Allerdings gibt es keine Garantie das die Email auch wirklich ankommt.
Eine bessere Möglichkeit ist es, die Daten per PHP zu verschicken, wie das geht findest du hier ganz bestimmt in den Tutorials.


----------



## kuddeldaddeldu (26. Februar 2009)

Hi,



Loomes hat gesagt.:


> Allerdings gibt es keine Garantie das die Email auch wirklich ankommt.
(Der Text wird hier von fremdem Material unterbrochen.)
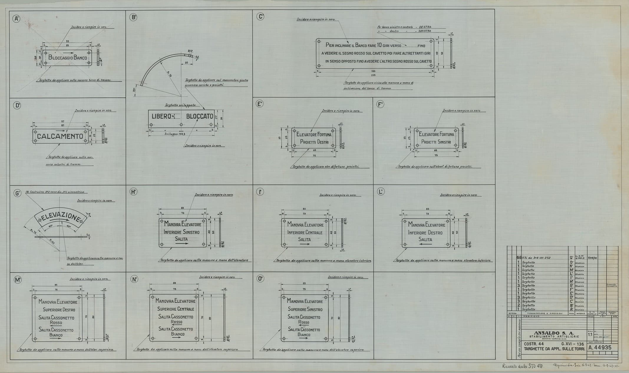 Costruzione 43 - targa e targhetta dell'affusto della bocca da fuoco

Vor allem würde der Browser da erstmal versuchen, den Email-Client zu öffnen, sofern er überhaupt eine entsprechende Verknüpfung dafür hat. Was aber nicht bedeutet, dass die eingegebenen Daten auch gleich mit übernommen werden. Damit wird er denke ich nicht weiter kommen.

LG


----------



## Sven Mintel (26. Februar 2009)

Moin,

dies Kontaktformular wurde mit MSFrontpage erstellt.
Damit es ordentlich funktioniert, solltest du zuerst sicherstellen, dass auf dem Server die sogenannten "Frontpage Server Extensions" verfügbar sind....wenn nicht, kannst du dies Formular direkt in die Mülltonne drücken 

Weiterhin solltest du die Bearbeitung dieses Formulars auch mit Frontpage vornehmen, denn dort findest du dann in den Formulareigenschaften alles wichtige, bspw. ein Eingabefeld für die Mailadresse


----------



## kuddeldaddeldu (26. Februar 2009)

Sven Mintel hat gesagt.:


> Damit es ordentlich funktioniert, solltest du zuerst sicherstellen, dass auf dem Server die sogenannten "Frontpage Server Extensions" verfügbar sind....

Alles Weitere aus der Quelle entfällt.